From my vantage point today, I believe that woman knew exactly who and what I was. She clearly saw a woman who was struggling, new to the idea of not drinking, foundering, and headed for some mighty challenges in the months to come.

She had told me, “DD, AH, GM.” I remembered those six letters. I recited them to myself like a mantra, “DD, AH, GM; DD, AH, GM; DD, AH, GM ” and no matter what was going on, I would keep chanting them until the moment of despair or craving or hopelessness passed I would still be breathing. I would still be sober. I didn’t drink. But I was pretty miserable.

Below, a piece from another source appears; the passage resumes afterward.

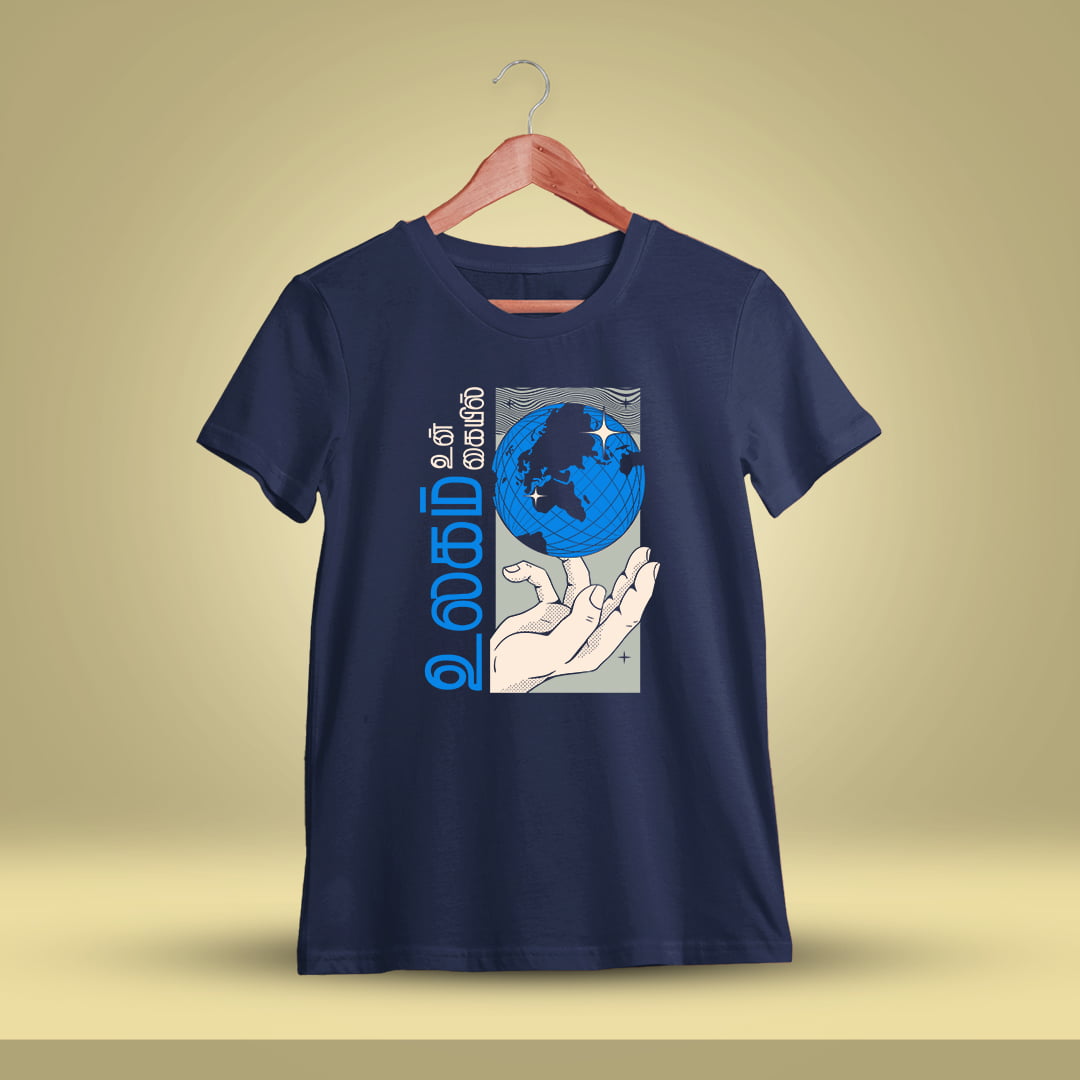 Ulagam Un Kaiyil Tamil T-Shirt signifies “The World is in Your Hands” in elegant script. Ideal for those who believe in empowerment and cherish Tamil culture.

I needed help. I needed people who wouldn’t let me snow them with multi-syllabic words, an erect carriage, or confident delivery. People who would see that underneath it all, I had no idea how to live a life without alcohol. Sure, I had put down the drink. But who was I? I couldn’t sing, dance, or tell stories while sober. I couldn’t ignore or laugh off complex situations. I had no skills, no tools. Nothing to guide me.

But wait, I did have a tool. DD, AH, GM. As hard as it was, I had, for now, done the DD part: I hadn’t had a drink in three months. But that woman had given me six letters, not just two.

DD: Not drinking was the first thing—Don’t Drink—okay, sober, no alcohol—but now what was I supposed to do?

AH: Ask for help. Who do I ask? I asked God to send me a group I couldn’t BS, and I had found myself at a conference on alcoholism, learning about the disease and recovery, and listening to a woman assuring me that I could certainly remember six letters and that using them would make my life better.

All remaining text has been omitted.